Transform an Incoming Claim
To configure the Transform an Incoming Claim rule, complete the steps below:
- Click Add Rule again.
- Select the Transform an Incoming Claim option in the Claim rule template field and click Next.
- Name the claim. For example, Email2Name.
- Set the Incoming claim type equal to the outgoing claim type in the previous rule. For example, E-mail Address.
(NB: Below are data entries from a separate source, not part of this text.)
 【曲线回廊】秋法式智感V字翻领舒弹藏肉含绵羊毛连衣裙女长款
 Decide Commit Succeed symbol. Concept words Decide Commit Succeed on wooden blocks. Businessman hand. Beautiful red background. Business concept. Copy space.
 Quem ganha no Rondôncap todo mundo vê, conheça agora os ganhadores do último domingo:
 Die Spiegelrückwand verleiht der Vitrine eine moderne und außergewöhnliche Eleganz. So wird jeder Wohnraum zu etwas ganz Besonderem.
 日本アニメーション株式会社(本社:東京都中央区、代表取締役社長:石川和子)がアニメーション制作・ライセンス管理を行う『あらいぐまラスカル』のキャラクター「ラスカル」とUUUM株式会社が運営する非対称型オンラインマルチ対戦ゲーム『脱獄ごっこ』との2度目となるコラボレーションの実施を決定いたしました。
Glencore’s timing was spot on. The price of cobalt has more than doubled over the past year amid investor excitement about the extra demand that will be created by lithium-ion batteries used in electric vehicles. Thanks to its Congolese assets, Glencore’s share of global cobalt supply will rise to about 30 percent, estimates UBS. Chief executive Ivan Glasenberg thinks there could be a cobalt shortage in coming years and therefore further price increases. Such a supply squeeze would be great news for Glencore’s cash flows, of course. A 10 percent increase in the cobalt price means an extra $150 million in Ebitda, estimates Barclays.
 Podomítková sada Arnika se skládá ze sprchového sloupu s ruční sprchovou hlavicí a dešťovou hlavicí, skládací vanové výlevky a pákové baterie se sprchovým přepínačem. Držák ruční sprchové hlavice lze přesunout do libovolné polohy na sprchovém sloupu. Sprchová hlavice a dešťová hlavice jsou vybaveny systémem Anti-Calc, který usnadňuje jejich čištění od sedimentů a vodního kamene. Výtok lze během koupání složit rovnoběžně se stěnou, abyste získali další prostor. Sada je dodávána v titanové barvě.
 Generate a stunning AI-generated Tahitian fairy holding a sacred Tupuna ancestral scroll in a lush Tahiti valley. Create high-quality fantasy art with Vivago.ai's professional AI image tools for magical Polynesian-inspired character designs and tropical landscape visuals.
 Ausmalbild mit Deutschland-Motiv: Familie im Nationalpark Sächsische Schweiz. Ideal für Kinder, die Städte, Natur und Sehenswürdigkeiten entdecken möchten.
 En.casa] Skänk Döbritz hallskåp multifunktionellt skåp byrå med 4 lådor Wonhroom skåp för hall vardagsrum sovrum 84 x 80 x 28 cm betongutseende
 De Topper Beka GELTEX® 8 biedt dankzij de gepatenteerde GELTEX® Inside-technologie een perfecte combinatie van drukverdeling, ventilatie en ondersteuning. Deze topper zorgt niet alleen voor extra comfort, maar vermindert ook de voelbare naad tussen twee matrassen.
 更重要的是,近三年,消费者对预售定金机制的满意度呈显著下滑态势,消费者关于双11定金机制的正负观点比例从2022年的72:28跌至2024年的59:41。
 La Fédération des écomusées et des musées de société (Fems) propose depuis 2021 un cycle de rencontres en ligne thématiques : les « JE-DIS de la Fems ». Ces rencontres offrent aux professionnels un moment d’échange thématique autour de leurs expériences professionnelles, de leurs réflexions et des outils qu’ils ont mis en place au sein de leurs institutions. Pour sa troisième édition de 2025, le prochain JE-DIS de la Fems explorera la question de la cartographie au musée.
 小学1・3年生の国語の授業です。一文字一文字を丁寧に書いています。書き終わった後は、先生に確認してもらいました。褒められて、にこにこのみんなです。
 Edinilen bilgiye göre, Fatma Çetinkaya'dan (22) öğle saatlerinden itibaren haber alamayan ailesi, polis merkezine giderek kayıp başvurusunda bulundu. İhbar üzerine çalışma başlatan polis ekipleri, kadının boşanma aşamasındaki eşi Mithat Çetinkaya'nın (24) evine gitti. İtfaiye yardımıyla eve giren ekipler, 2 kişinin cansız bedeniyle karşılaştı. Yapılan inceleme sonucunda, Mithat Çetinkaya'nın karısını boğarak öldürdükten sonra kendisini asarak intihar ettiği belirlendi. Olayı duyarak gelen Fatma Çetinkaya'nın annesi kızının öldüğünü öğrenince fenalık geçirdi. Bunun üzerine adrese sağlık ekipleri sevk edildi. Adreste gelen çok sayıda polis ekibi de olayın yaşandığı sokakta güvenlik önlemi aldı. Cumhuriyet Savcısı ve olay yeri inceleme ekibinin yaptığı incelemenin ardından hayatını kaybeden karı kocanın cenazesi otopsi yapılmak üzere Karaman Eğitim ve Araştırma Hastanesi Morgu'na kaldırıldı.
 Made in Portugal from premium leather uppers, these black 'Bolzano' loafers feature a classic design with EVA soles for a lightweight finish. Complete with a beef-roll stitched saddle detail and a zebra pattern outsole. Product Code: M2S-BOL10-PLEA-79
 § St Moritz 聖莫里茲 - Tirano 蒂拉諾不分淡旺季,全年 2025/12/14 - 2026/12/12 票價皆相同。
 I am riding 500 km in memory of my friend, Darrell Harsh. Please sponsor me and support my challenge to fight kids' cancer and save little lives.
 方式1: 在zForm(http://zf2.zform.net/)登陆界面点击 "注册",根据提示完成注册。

- Set the values as listed below:
- Outgoing claim type = Name ID
- Outgoing name ID format = Email
- Select the Pass through all claim values option.
- Click Finish.
- Click Apply and then OK to close the window.
Test an Incoming Claim
To test the configuration, complete the steps below:
- Navigate to your SimpleOne instance. For example,
https://instance.simpleone.ru
. If all configurations are set correctly, the system redirects you tohttps://adfs.example.com/adfs/ls/IdpInitiatedSignon.aspx?logintoRP=https://instance.simpleone.ru/
. - Sign in to your instance. If the configuration is correct, you will be logged in automatically.
- Select Logout from the profile menu to test the logout endpoint functionality.